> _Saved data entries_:
[Start of section]

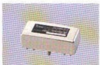
FL-52A CW NARROW FILTER Center freq.: 455 kHz Bandwidth: 500 Hz/-6 dB
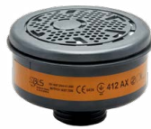
Filters BLS 400 series
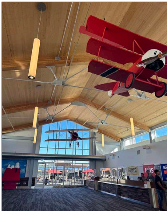
The new arrivals and baggage claim area at the Charles M. Schulz-Sonoma County Airport (STS). Overhead, that's the Red Baron being chased by Snoopy (who else?) in his trusty Sopwith Camel.

San Francisco airports. It will encourage visitors to come and enjoy our local restaurants, wineries, coastal areas and redwoods without delay—such a great boost to our local tourism economy."
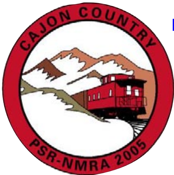
YMR Display - PSX2004
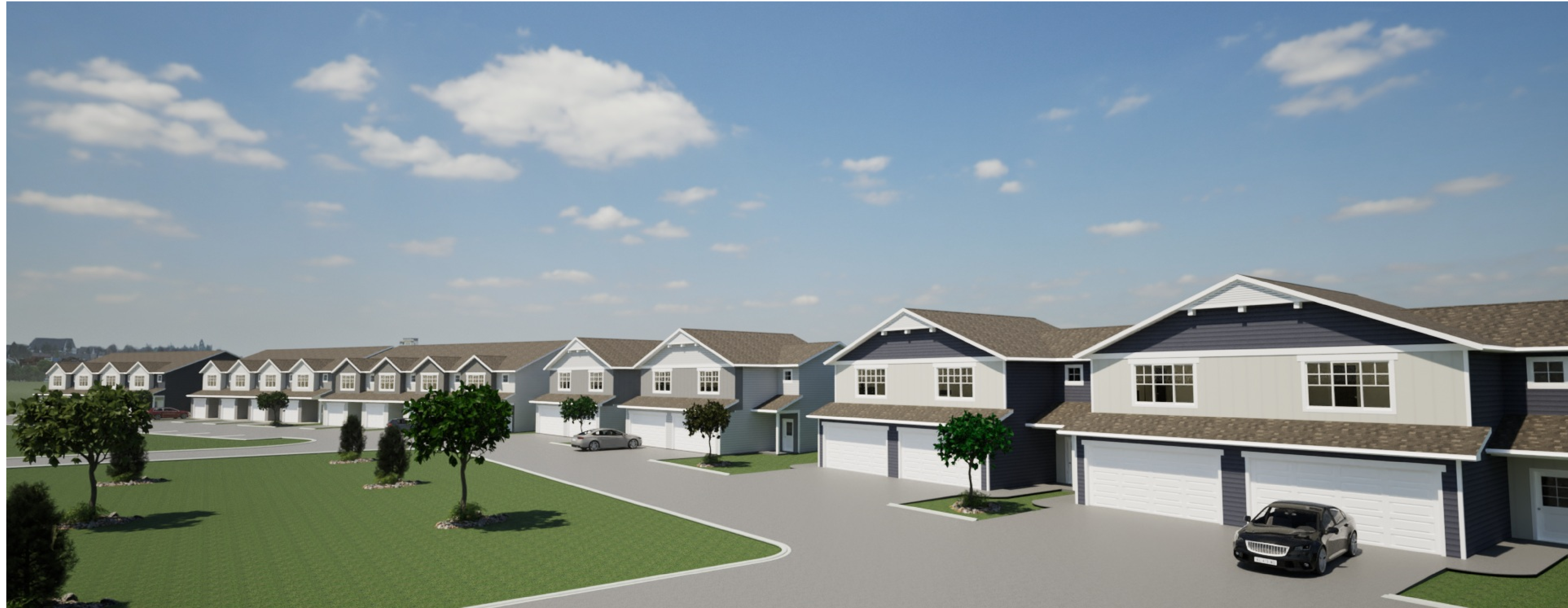
1 BUILDING SITE LAYOUT CONCEPT C-2 RENDERING NOT TO SCALE
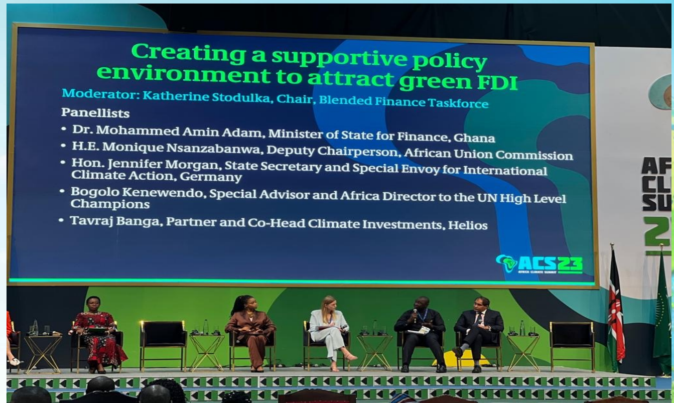
Hon. Minister of State stressing on the need for policies that supports FDIs

Speaking at the Summit on the topic Creating a Supportive Policy Environment to Attract Green Foreign Direct Investment, Dr Amin noted that policy consistency was an essential element in the continent's pursuit of investment financing.
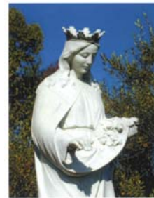
Saint Isabella, Feast Day July 4th.
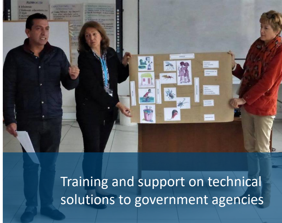
Training and support on technical solutions to government agencies
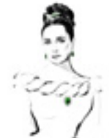
Elizabeth Taylor's Greatest Love Affair—With Jewels
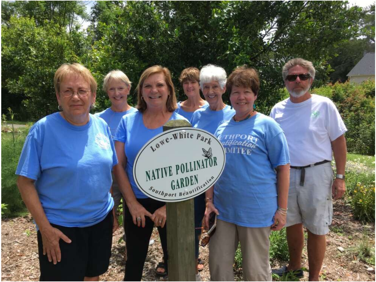
Part of Committee, not all in photo
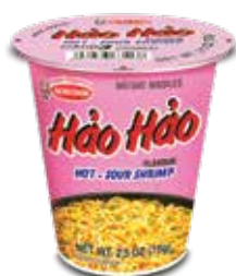
HOT & SOUR SHRIMP FLAVOUR NetWeight: 70g
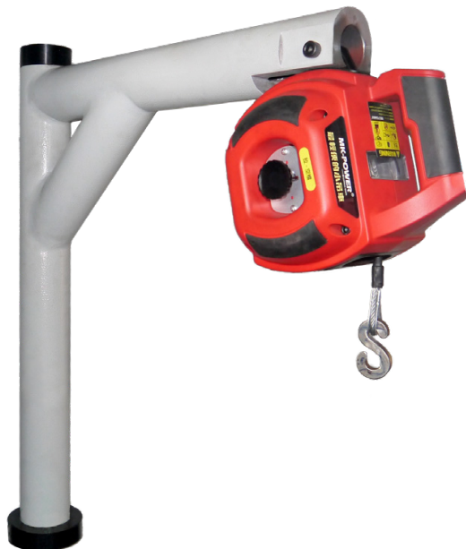
Crane arm options available for lifting heavy heads into place (Customer to provide their own certified hoist)
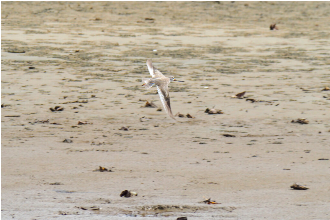
Terek Sandpiper
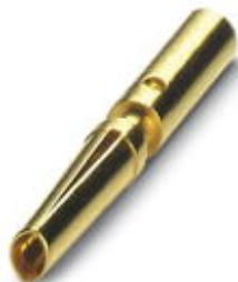
压接插针，车削，触点直径: 0.8 mm，压接范围: 0.08 mm 2 ... 0.25 mm 2

Please be informed that the data shown in this PDF Document is generated from our Online Catalog. Please find the complete data in the user's documentation. Our General Terms of Use for Downloads are valid ( http://download.phoenixcontact.com )
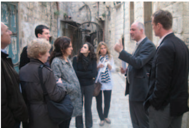
A delegation for university partnerships in Nablus
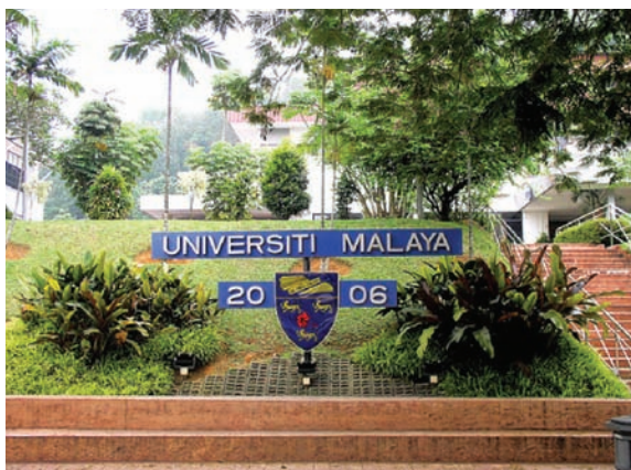
Fig. 3: UM has various types of landscape

[End of section]

> _YOUR ASSIGNMENT_: Pictures are not part of the copy. Output only the lines from the one with "Crane arm options" through the final line of the records, exactly as given.

> _TASK RESPONSE_:
Crane arm options available for lifting heavy heads into place (Customer to provide their own certified hoist)
Terek Sandpiper
压接插针，车削，触点直径: 0.8 mm，压接范围: 0.08 mm 2 ... 0.25 mm 2

Please be informed that the data shown in this PDF Document is generated from our Online Catalog. Please find the complete data in the user's documentation. Our General Terms of Use for Downloads are valid ( http://download.phoenixcontact.com )
A delegation for university partnerships in Nablus
Fig. 3: UM has various types of landscape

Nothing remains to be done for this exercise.